About

I have been playing chess since 8 years old, in various formats, from classical to rapid, blitz, and bullet (even though this is more about flagging than chess IMO). My favorite format is arguably rapid (30 minutes), enough to dive sufficiently deep into a handful of lines but still leaves you time to do something else (obviously you still need a job!). My favorite players are Mikhail Tal (The magician from Riga -- he usually hung three to four pieces en prise at a time and still became World Chess Champion in 1960), Rashid Nezhmetdinov (very spicy games with sacrifices), Tigran Petrosian ("If Tal sacrifices, accept. If Botvinnik sacrifices, think it over. If Petrosian sacrifices, resign.") , Vasyl Ivanchuk (Ivanchuk Cures Mass Blindness -- a trap in Benko Gambit in Magnus Trainer), Hikaru Nakamura (insane tactics and attacking skills, especially in "I Am the One Who Naks" Gelfand vs. Nakamura, "Casino Royale" - Krasenkow vs. Nakamura, or ""Rising Stars War Episode II: Attack of the Pawns" - Beliavsky vs Nakamura), Magnus Carlsen (his grinding endgame skills), and Sergey Karjakin (the Minister of Defence). In summary, chess is a game of perfection, errors, as Savielly Tartakower put it: "The winner of the game is the player who makes the next-to-last mistake.", and trap!

More about Mikhail Tal: Most of his sacrifices are unsound, but I think he understands deeply what his opponents understand about chess.
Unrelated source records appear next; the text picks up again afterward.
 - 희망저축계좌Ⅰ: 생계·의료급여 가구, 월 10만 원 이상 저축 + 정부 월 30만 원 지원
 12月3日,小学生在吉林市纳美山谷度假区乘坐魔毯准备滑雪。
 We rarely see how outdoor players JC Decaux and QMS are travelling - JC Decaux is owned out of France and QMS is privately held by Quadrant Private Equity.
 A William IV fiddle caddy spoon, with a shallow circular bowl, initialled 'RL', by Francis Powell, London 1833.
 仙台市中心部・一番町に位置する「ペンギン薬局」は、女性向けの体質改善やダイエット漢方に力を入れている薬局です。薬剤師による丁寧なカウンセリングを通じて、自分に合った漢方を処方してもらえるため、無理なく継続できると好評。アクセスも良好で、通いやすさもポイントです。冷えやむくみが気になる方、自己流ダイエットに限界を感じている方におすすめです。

Tal's sacrifices are simply confusing and dazed and have more psychological effects than they actually are. By the end of the lines, most times Tal comes up top with a pawn. Paul Keres is a master of defense against Tal, as none of Tal's tricks work on Keres.
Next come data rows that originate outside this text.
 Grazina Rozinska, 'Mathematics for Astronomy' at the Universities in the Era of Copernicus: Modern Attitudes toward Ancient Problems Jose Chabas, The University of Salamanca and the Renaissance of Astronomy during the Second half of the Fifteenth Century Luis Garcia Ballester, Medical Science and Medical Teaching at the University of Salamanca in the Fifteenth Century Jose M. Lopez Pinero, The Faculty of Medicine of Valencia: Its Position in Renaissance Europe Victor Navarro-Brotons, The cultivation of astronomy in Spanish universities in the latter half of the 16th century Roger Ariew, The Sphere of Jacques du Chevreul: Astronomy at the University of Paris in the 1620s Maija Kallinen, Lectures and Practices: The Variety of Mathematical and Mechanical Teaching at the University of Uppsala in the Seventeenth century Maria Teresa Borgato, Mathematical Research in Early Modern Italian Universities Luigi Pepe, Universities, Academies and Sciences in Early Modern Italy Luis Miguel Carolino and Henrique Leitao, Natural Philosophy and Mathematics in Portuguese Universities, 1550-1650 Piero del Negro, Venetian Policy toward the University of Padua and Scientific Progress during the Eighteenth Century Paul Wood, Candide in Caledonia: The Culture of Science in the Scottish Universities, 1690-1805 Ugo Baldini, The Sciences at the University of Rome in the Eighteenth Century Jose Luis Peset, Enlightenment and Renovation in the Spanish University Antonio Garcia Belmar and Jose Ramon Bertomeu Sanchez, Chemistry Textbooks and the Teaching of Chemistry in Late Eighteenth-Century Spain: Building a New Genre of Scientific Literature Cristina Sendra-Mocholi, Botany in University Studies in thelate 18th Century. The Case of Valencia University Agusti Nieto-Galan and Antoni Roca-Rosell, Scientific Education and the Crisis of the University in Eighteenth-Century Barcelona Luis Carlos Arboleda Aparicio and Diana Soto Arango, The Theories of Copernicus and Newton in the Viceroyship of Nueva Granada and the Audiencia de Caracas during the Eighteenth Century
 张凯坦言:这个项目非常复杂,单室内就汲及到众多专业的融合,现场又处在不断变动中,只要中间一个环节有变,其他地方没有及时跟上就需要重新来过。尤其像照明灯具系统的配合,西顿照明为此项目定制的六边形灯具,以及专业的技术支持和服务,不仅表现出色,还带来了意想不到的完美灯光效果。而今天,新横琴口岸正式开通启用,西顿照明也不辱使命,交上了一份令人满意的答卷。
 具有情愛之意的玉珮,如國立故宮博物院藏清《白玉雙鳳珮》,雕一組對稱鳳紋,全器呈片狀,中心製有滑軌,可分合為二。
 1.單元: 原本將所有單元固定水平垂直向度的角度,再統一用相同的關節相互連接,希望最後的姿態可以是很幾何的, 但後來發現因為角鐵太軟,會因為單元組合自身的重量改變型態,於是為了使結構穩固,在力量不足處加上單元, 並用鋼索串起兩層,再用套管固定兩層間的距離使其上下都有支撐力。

I particularly enjoy the series of "Road to the Grandmaster title" by IM Attila Turzo. My ELO rating is about 1600, in case you are wondering. Whoever you are, if you are up for a chess game, let me know and we will set up a board.

More about Chess and Go: The beginning of the end for human chess was marked by Deep Blue versus Garry Kasparov 1997 rematch, and so is Go with AlphaGo versus Lee Sedol. Indeed, the effects of AI are too strong that Lee Sedol (the World Champion in Go) retired roughly 3 years after the event, citing AI as "an entity that cannot be defeated". Despite the mass hype of AI, it has a deep connection with applied mathematics, where high-dimensional approximation plays a fundamental role in optimization (after all, board games are all about finding the BEST moves). Stuff like Monte Carlo methods, neural networks become more and more important as you go deeper. But the human chess (and probably Go) are probably over, as even the world champions rely on heavy supercomputers to analyze the move to a certain depth. If you have seen AlphaGo versus Stockfish, I don't think most of the moves even make any sense to humans (it keeps giving pawn away against Philidor's advice that "The pawns are the soul of chess"). But chess should be considered as a sport for the brain, and very much so that today elite chess players often require great physical shape to play the game (none of them drinks or smokes excessively as on tournament days, chess GMs often burns about 6,000 calories a day -- yes, you read it right).